Typical symptoms of clock skew across nodes:

Slower distributed transactions — end-to-end latency can increase roughly by the amount of clock skew (a node with a “faster” clock waits for coordination with nodes that lag behind).
Timeouts and deadline issues — skew can cause spurious client/server timeouts and deadline failures.
Authentication issues — large skew can break token validity windows and related checks.

When monitoring clock skew between nodes, use these thresholds (typical levels for cluster observability):

Less than 1 millisecond — normal level for routine cluster operation.
1—5 milliseconds — a range where it already makes sense to look for the cause of desynchronization and increase observability.
More than 5 milliseconds — critical level: urgent diagnosis and time alignment are required.
25 milliseconds and above — growing performance degradation; users see widespread latency issues and timeouts on distributed transactions.
30 seconds — distributed transactions stop working (see below).

If the system clocks of the nodes running the coordinator tablets differ noticeably from one another, transaction latencies increase by the time difference between the fastest and slowest system clocks. This occurs because a transaction planned on a node with a faster system clock can only be executed once the node with the slowest clocks reaches the same time.

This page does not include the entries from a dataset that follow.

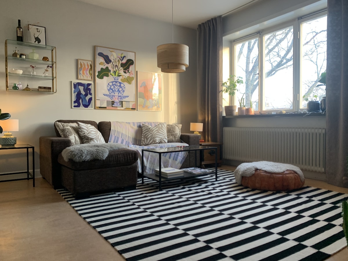 Добро пожаловать в мою большую и комфортабельную квартиру с одной спальней в центре оживленного района Стокгольма, SoFo, наполненной модными магазинами и уютными кафе. Открытая и просторная планировка квартиры приглашает вас отдохнуть и расслабиться после дня в городе, и вы можете приготовить что-то вкусное на полностью оборудованной кухне, хотя у вас никогда не будет вариантов с множеством ресторанов прямо за углом. 15 минут пешком до Старого города, 4 минуты пешком от станции метро и супербыстрого Wi-Fi.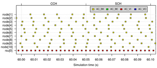In Figure 4, we present the default operation (from the application layer point of view), when sending network packets. We have one video flow sent by a Road-Side Unit (RSU) and 10 packet flows delivering background traffic by 10 moving vehicles (rsu[0] and node[1..10], respectively). Video data are sent with the AC_VI priority, and background traffic is sent with AC_BK priority. Each background traffic vehicle transmits 100 packets per second (pps). Each square block in the figure indicates the exact time at which each packet is scheduled to be sent to the MAC layer; the size (width) of each block does not mean the duration. As indicated in the legend, video packets are shown in red, and background packets are shown in yellow. As it can be seen, the application layer does not take into consideration whether a data packet (either video or background traffic) is sent during a CCH time slot or not.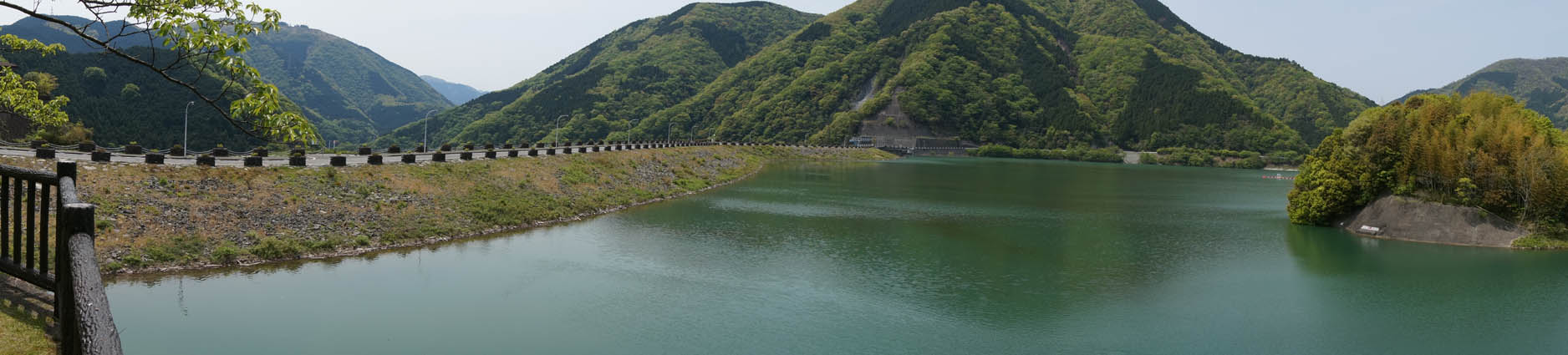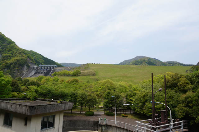 この緑の、日向ぼっこにゃ最適そうな小山がダムです。

Furthermore, if the system clock drift exceeds 30 seconds, YDB will refuse to process distributed transactions. Before coordinators start planning a transaction, affected data shards determine an acceptable range of timestamps for the transaction. The start of this range is the current system time of the mediator tablet, and the end is defined by the 30-second planning timeout. If the coordinator's system clock falls outside this time range, it cannot plan a distributed transaction, resulting in errors for such queries.

Diagnostics

To diagnose system clock drift on YDB servers, use the following methods:

Use Healthcheck in the Embedded UI:
1. In the Embedded UI, go to the Databases tab and click on the database.
2. On the Navigation tab, ensure the required database is selected.
3. Open the Diagnostics tab.
4. On the Info tab, click the Healthcheck button.
  
  If the Healthcheck button displays a MAINTENANCE REQUIRED status, the YDB cluster might be experiencing issues, such as system clock drift. Any identified issues will be listed in the DATABASE section below the Healthcheck button.
5. To see the diagnosed problems, expand the DATABASE section.
  
  System clock drift problems are listed under NODES_TIME_DIFFERENCE.
Note

For more information, see Health Check API
Open the Interconnect overview page in the Embedded UI. Interconnect metrics (including indicators related to clock skew across nodes) help assess the scope of the issue alongside the overall picture of connectivity latency and errors.

Note

An increase in system clock skew according to interconnect monitoring (as shown in the Embedded UI and collected via cluster metrics) may be caused by actual clock drift, exhaustion of resources in the interconnect CPU pool, or network equipment overload.
Use such tools as pssh or ansible to run the command (for example, date +%s%N) on all YDB nodes to display the system clock value.

Warning

Network delays between the host that runs pssh or ansible and YDB hosts will influence the results.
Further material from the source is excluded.